I most liked the emotional stories by former residents like Sylvester Brown Jr. and Ruby Russell. Right before your eyes, you witness the beat-down of people and the systematic manipulation of their economic, political, social and psychological well-being.

The documentary provoked my thinking about Pruitt-Igoe, Laclede Town, Team Four, public policy, affordable housing, racism, poverty and urban sprawl. It seems we have learned little from the failed policies, initiatives and projects that tend to segregate people by race or class for the purpose of profit.

When I accuse St. Louis city planners of being racist, creatively-challenged and backward in their vision about urban living, it is not without a history of tangible, damning consequences. I truly understand the complexities cities face, but the intentional moves that are shrouded in race have cost us dearly in dollars, resources, human potential and lives.

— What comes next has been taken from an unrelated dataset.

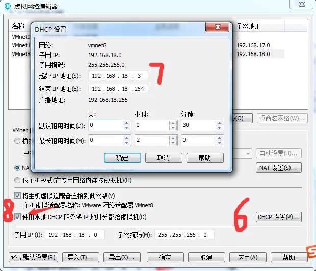 点击位置6,弹出窗口,在位置7更改启示IP地址和结束IP地址,这里选择3~254,避开网关

Racism causes people to act irrationally, even against their own self-interests. It is a behavioral response that profiteers have counted on for generations. During the days of segregation, realtors played on the fears of white people by steering them into certain neighborhoods to get away from black or poor people who also had been steered towards targeted neighborhoods. We are all pawns in the big game of capital.

But what happened in St. Louis when the steering began to hit walls? White people moved to the suburbs during the 1950s and 1960s. During the oil crisis of the 1970s, some white suburbanites returned to the city, displacing some of the very same black citizens they ran from 10 or 20 years prior. Others moved further west, trying to avoid new upwardly mobile African Americans, who had created the phenomenon of black flight.

These fleeing people are the perpetrators of urban sprawl, created by planners and developers who ring the race bell to summon those with the resources to satisfy an upgrade of the American Dream. The irony is that there is nothing planned about urban sprawl. It shifts people to low-density areas outside of cities under the guise of choice.

Criticism of urban sprawl has been building for years, but it’s intensifying with yet another energy crisis and a new focus on our destruction of the environment. Urban sprawl brings with it higher per capita costs for energy, land and water. It requires the use of cars to travel because people have to drive to get to any place they need to go. It puts an overall drain on resources (especially fuel for transportation), has a negative impact on the environment and results in urban decline. Further problems include inefficient delivery of citizen services and ill-conceived infrastructures.

We all pay the high price for the individualistic actions of urban sprawlers to live in a house on several acres with two or more vehicles in the driveway.

Unless cities innovatively deal with issues of affordable housing, job creation, quality schools and the permeating effects of race and poverty, we cannot have sustainable living areas. To do so requires the seemingly undesirable task of working together to develop a plan that guarantees quality of life for all citizens, promotes the sharing of political and economic power, and makes an ecological commitment to future generations.

In St. Louis, the ghosts of Pruitt-Igoe swirl around City Hall, St. Louis Development Corporation, the Community Development Association and other entities responsible for land use plans. Those ghosts are crying to be put to rest. It is easy to ignore the past and to concentrate on accommodating those with the money. Those people who have been labeled “worthless” while their neighborhoods are “blighted” will still be here. We will always fight for dignity and for the right to a quality life. We will always fight for a better world.